You are invited to a Q & A session with a panel of bioinformatics analysts, most of whom were presenters at the BTEP NGS Workshop Series. The goal of this forum is to assist individuals who have encountered problems/issues attempting to analyze NGS data after having participated in one of the workshops earlier in the year. We will also attempt to answer questions about bioinformatics software packages or tools licensed by CCR/NCI. Each attendee is requested to send in questions ahead of the event (this will increase the chances of having a suitable answer for your specific problem). Questions related to the same topic and/or pertaining to a similar theme will be summarized and/or generalized so as to benefit all attendees. If a question is not answered during the session, it will be forwarded to the most appropriate person/group/vendor to provide relevant followup. CCR Researchers who had registered for any of the sessions between January through June 2017 will be given preference for attending this event.

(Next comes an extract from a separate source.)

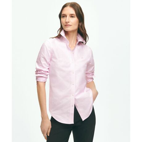 オックスフォードのストライプ生地を使用した長袖ボタンダウンシャツ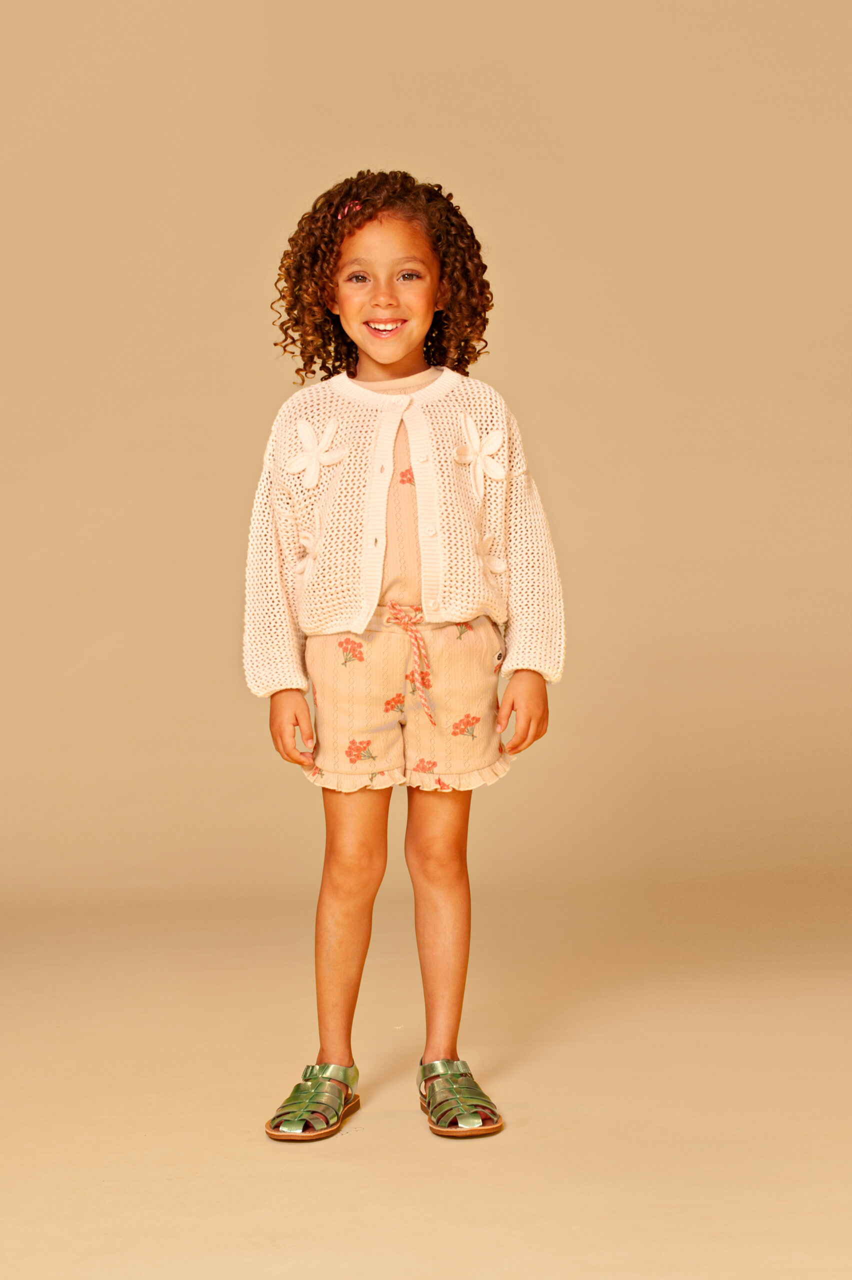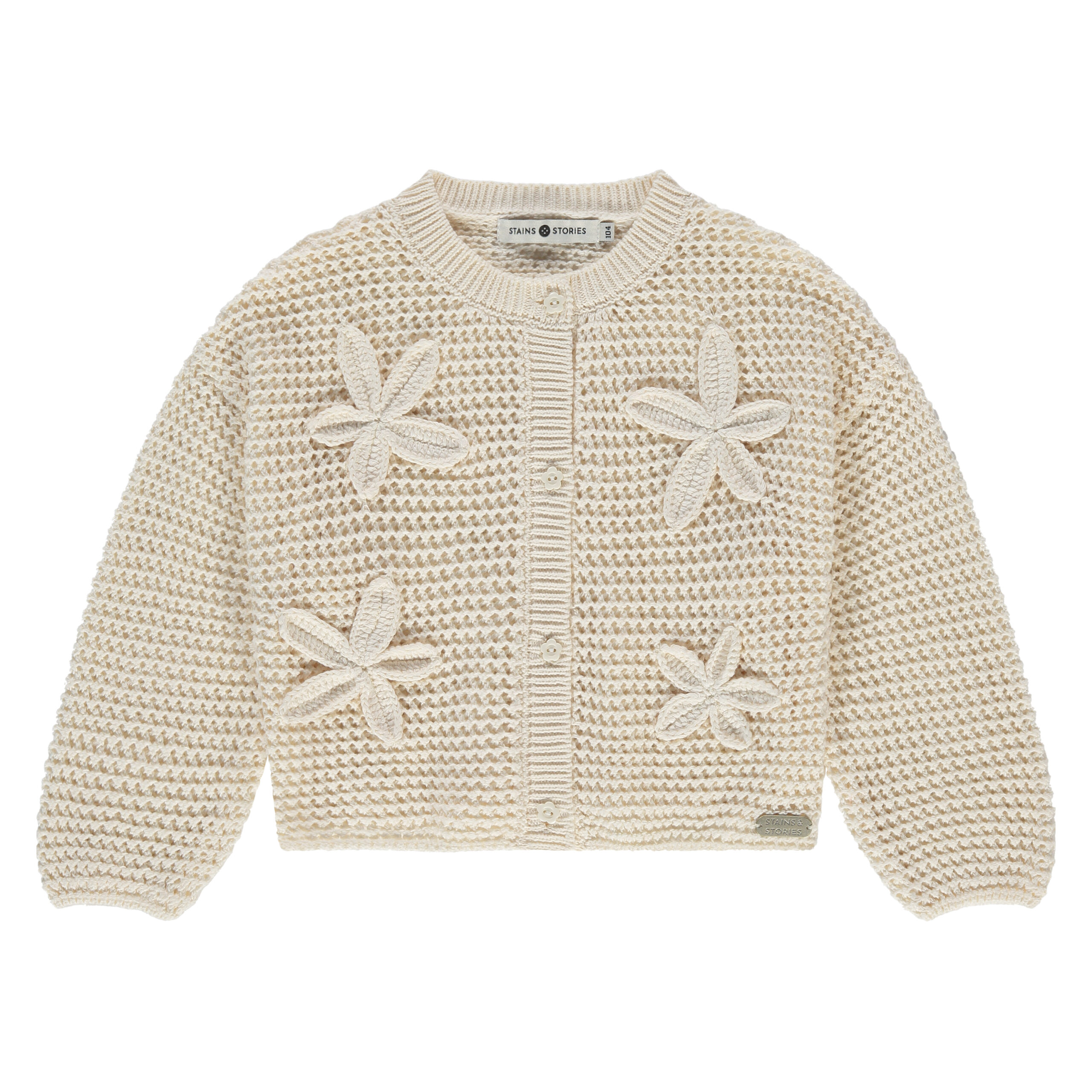 Πλεκτή ζακέτα σε αραιή καλοκαιρινή πλέξη με λουλούδια και κουπάκια.

Representative examples of the types of questions that one could ask are mentioned below:
- What are the most important metrics to rank/filter variants?
- Which file formats work best for viewing NGS data in different genome browsers?
- How would one assess the quality of RNA-Seq (or other NGS data) from starting material to final results?
Note: The panel will make every effort to answer all questions, and may even have slides/ visuals to aid in explaining the solution. Given the time frame and intent of this event, there will be no scope for a one-on-one consultation, demo of pipelines/ software applications, or review of data.